> _AIM OF THE TASK_: Pictures in the material below are to be left out, and only the lines from the line with "Captured sunlight transforms" up to and including the line with "Un pegatina con" are to be written out exactly.

START WORKING DATA

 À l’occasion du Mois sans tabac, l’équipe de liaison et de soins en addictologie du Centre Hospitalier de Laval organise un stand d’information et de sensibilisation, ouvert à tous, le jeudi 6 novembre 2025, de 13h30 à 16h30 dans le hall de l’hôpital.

END WORKING DATA
START WORKING DATA

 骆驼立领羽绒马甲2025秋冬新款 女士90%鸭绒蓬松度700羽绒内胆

END WORKING DATA
START WORKING DATA

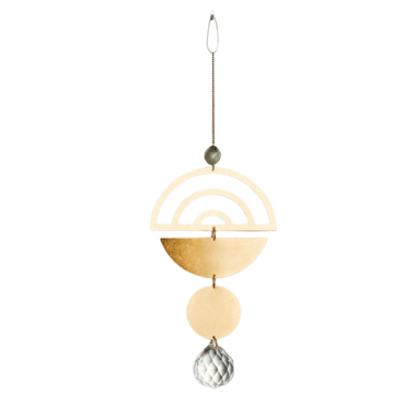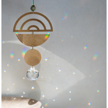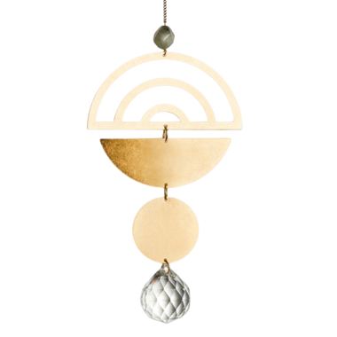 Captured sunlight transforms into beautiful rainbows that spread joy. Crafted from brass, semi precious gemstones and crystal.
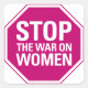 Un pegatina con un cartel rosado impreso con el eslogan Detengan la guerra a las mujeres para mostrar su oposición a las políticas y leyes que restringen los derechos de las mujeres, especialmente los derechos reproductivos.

END WORKING DATA

> _WRITTEN SOLUTION_:
 Captured sunlight transforms into beautiful rainbows that spread joy. Crafted from brass, semi precious gemstones and crystal.
 Un pegatina con un cartel rosado impreso con el eslogan Detengan la guerra a las mujeres para mostrar su oposición a las políticas y leyes que restringen los derechos de las mujeres, especialmente los derechos reproductivos.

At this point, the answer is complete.